Мы же с Мишелем против арабов ровным счетом ничего не имеем, и мне очень нравятся их заунывные призывы к молитве. Они будят мое воображение, и я представляю себе бредущие через пустыню караваны верблюдов и всадников в белом на великолепных конях. Но скоро голос муэдзина смолкает, и мы возвращаемся на юг Франции, где нас ждет изысканный рождественский ужин.
* * *Утром мы просыпаемся под далекий крик осла и щебетание стайки веселых птичек. Теплое зимнее утро пахнет сосной и свежестью. Солнце янтарно-желтое, будто осенний лист, а море отливает холодным серебром. Такой зимы я еще никогда не видела. Но вместе с новыми удовольствиями она приносит с собой и новые обязанности, которые мы, к сожалению, пока плохо выполняем. За несколько месяцев нашего отсутствия вода в бассейне стала изумрудно-зеленой, а его дно покрылось слоем гниющих фиговых листьев. Конечно же, бассейн нельзя оставлять без присмотра так надолго. За ним надо постоянно ухаживать: сливать воду, прочищать трубы, промывать фильтры и удалять грязь со стенок. Иначе весь вложенный в него труд и средства пропадут даром. Приходится «уход за бассейном» внести первым номером в список самых неотложных дел.
Но я привыкла купаться в любой воде и при любой температуре и сейчас раздеваюсь и смело ныряю в изумрудную воду. Она до того холодная, что обжигает, и я с воплем выскакиваю на поверхность. После купания я, чтобы согреться, как безумная ношусь по саду, и на мои босые ноги налипает по тонне грязи. Поглядев на это, Мишель качает головой и тащит кучу хвороста к камину. Он разводит огромное пламя, и, сидя перед ним, я постепенно оттаиваю. Огонь весело гудит в трубе, а моя мокрая, покрытая пупырышками кожа разглаживается и розовеет.

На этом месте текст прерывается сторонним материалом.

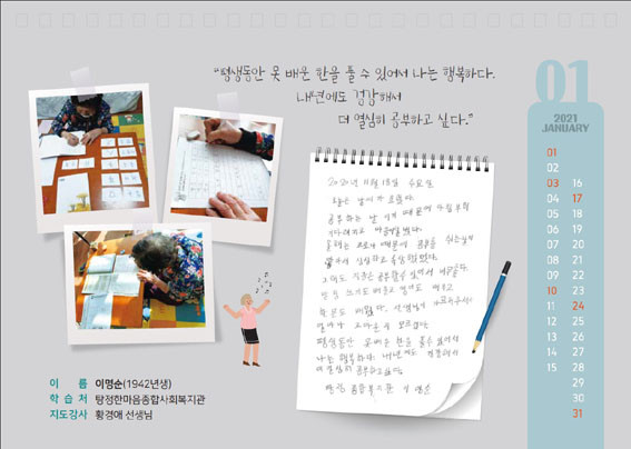 Æò»ýÇнÀ°ü¿¡¼´Â µÚ´Ê°Ô ÇѱÛÀ» ¹è¿ì´Â ÀúÇз ºñ¹®ÇØ(ÞªÙþú°) ¾î¸£½ÅµéÀ» À§ÇÑ ¹®Çر³À°À» ½Ç½ÃÇß°í, Âü¿©ÀÚµéÀÇ ¹è¿ò¿¡ ´ëÇÑ ¿Á¤À» ´ã¾Æ 2021³â Ź»ó´Þ·ÂÀ» Á¦ÀÛÇÏ°Ô µÆ´Ù.

Зимой вся наша жизнь сосредоточена в просторной гостиной с камином. Здесь в первой половине дня мы обычно сидим за своими книгами и компьютерами. Я, устроившись на подушках поближе к огню, работаю над новым сценарием. Отблески пламени играют на наших лицах и на облупленных стенах комнаты. Нам так хорошо и спокойно в компании друг друга, что работа идет легко и быстро, словно сама собой, а это немаловажно, если мы хотим привести «Аппассионату» в порядок. Ослепленные любовью, мы очертя голову кинулись в это предприятие, очень неразумное для людей, живущих от контракта к контракту. Мы об этом ни чуточки не жалеем — во всяком случае пока, — но только сейчас нам становится ясно, сколько сил, энергии и денег потребует наша оливковая ферма в будущем. Поэтому до самых сумерек мы работаем как одержимые и только на закате выключаем лэптопы, закрываем книги и откладываем карандаши и ручки. До утра они будут лежать рядом с грудой хвороста и напиленных дров. Закат, вечер и ночь принадлежат только нам двоим.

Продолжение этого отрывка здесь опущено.